One of Gordy's boys, Lowrey, came up and said we were okay. The other man nodded and retreated a few steps, watchful.

Lowrey and another trusted man had taken turns standing watch since all this began. Strome might have been here to help, but he wasn't much of a mixer with color. Lowrey didn't give a damn one way or another, it was just a job. Most of the real guardianship was done by Shoe Coldfield's people.

Lowrey took us along the length of the hotel hall and up another flight. This floor had rooms with open doors, plush carpeting, and people, but nothing noisy. It was almost like a library. So long as it didn't turn into a funeral parlor.

Adelle Taylor emerged from one of the rooms, apparently expecting us. She was soberly dressed, not in her usual film-actress style, but everything looked nice. She gave me a smile.

I bent a little and bussed her cheek, then gave her a good looking over. “Woman, you have him get on his feet pretty soon, or I'm gonna start asking you out.”

She reacted well. “Is that a promise or a threat?”

“Both.”

At the sight of her Kroun underwent an amazing transformation. He dropped the dour face and blazed out with his charm once more. “A pleasure again, Miss Taylor. You're looking very fine tonight.”

“Thank you, Whitey. It's so much better here. Like a weight's been lifted.”

“I'm glad to hear it. If you need anything, absolutely anything at all, I'll make sure you have it.”

“You're very kind.” She beamed, and I could tell that made Kroun's whole week.

I was on her side—whatever put him in a good humor was good in turn for her boyfriend.

“The doctor's with Gordy now,” she said. “We can wait in the hall.”

She led us a little farther, pausing just short of an open door halfway down. A table outside was stacked with medical-looking junk and a food tray. I ventured a whiff of air and got the unmistakable scent of chicken soup.

Within the room I heard Dr. Clarson asking a question, then responding to the murmured answer with a heavy sigh.

“Well, Gordy,” he said sadly, “you're going to die. Just not today.”

Adelle shifted next to me, gaze raised toward the ceiling. She was not an aficionada of the doc's sense of humor.

“Fine by me,” came Gordy's reply. There was a hint that his usual low rumble was returning.

“And you don't go waking me up for the rest of the night.
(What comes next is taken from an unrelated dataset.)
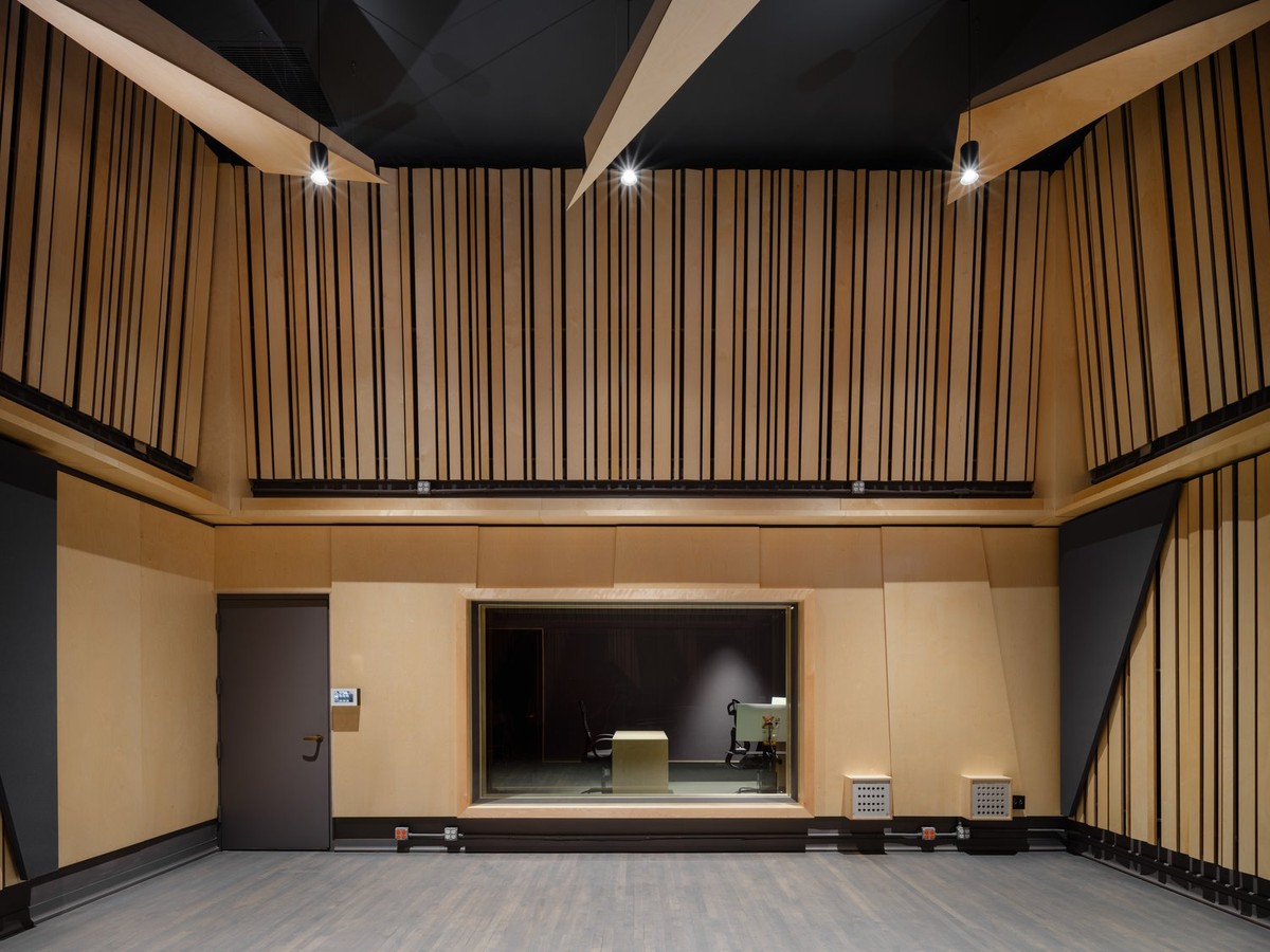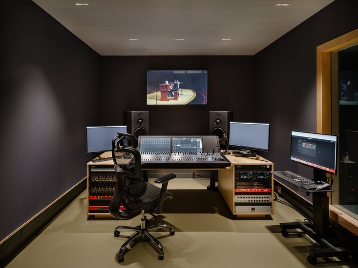 Jim Keller: For the Juilliard project we opened up the wall between the control and live rooms with a very large, custom soundproof window. This creates a more spacious feel in the control room and frames the visually dynamic and expansive live room. It also allows unobstructed views between musicians and engineers.

I've had a tough day like you wouldn't believe and need my sleep.”

“No problem.”

Clarson emerged, wearing the white coat of his craft, the sterile white in sharp contrast to his dark skin. A similarly clad and dark-toned nurse came out, carrying a tray that she put on the table. Clarson looked us over.

“You may have two minutes,” he said. “I'll be out here with my watch.”

“That'll be fine, Doc,” I answered for Kroun. I put my head around the door. “Hi, Gordy.”

He was in bed, propped up on a lot of pillows, with the sheet and blankets pulled high, almost to his chin. One bare arm was out, the other tucked under the coverings. He was pale, but that awful hollowness looked more filled out than before. “ 'Lo, Fleming.”

“You better?”

“I'm better.”

This time I believed him. “Mr. Kroun's here.”

“Send 'm in.”

Adelle moved off to another room, by now well schooled to be scarce when business was afoot. I would have liked to have heard what Kroun wanted to say to Gordy; but if it concerned me, I'd find out later, and if it didn't, then I didn't give a damn. Instead, I asked Clarson for a verdict on Gordy. He didn't want to get optimistic about his patient, having seen too many others carried off.

“He's much better, and that's as far as I'll say, 'cause I don't want to jinx him.”

“If there's anything I can do . . .”

“Have that fine little lady of yours come up and visit Miss Taylor tomorrow. She'd do better for some company. Everyone else keep clear so Gordy can rest.”

“I'll see to it.”

“Then that's all right.”

Something about the arrangement of the bed coverings nagged at me. A familiar outline . . .

“Doc? Is Gordy's sleeping with a .45 in his fist part of your remedy?”

He snorted. “Not really. He usually has it on the nightstand, but that company you brought in . . . he felt better having some heat close.”

Hell of a world,
I thought.

“Out the way we came in,” I told Kroun when he emerged two minutes later.

He hesitated, looking past me toward Adelle's room.

“What, you want her autograph?”

He continued to hesitate. “We can come back later, right?”

This guy was a pip. “When she's not as distracted.”

We retraced our steps without escort, but in the alley between the buildings Kroun paused. “You know what that was about?”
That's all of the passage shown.